[SOURCE DATA]
■ ■ ■

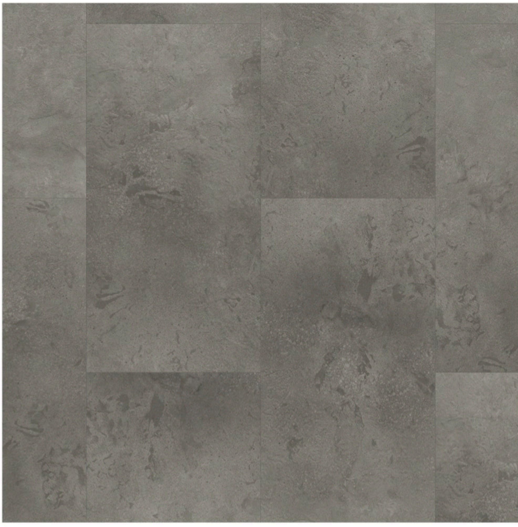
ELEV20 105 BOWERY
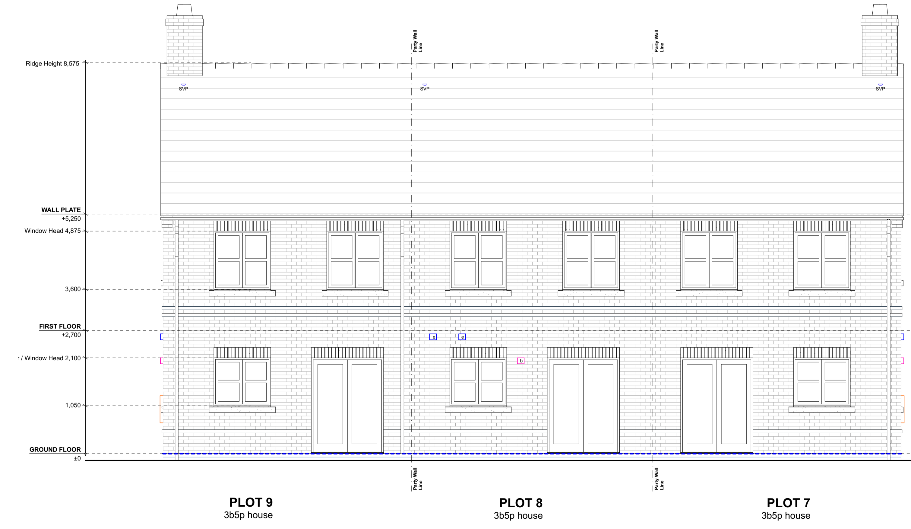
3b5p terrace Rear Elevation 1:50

■ ■ ■

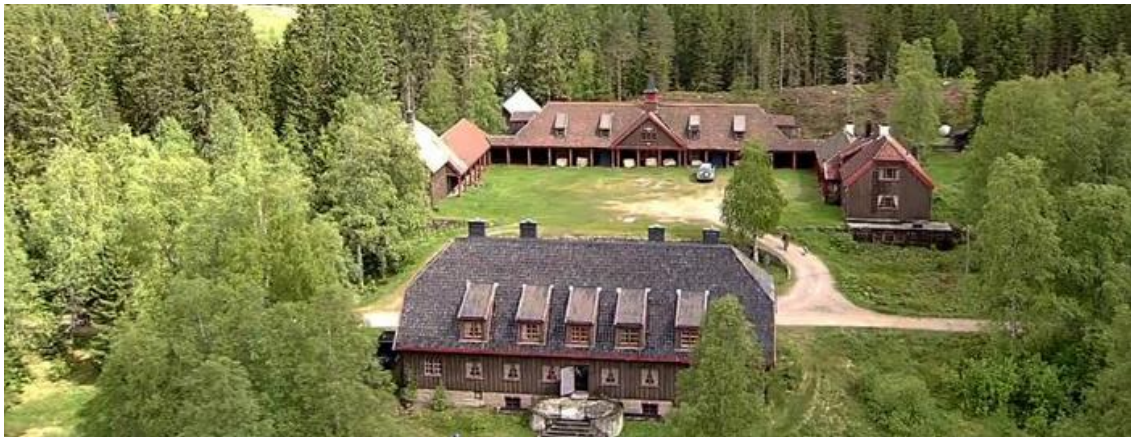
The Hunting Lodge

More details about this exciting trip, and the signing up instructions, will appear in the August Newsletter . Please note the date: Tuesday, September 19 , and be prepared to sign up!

■ ■ ■

Beginning with the line containing "The Hunting Lodge" in the material above, copy every line exactly until you have copied the line containing "More details about".

The Hunting Lodge

More details about this exciting trip, and the signing up instructions, will appear in the August Newsletter . Please note the date: Tuesday, September 19 , and be prepared to sign up!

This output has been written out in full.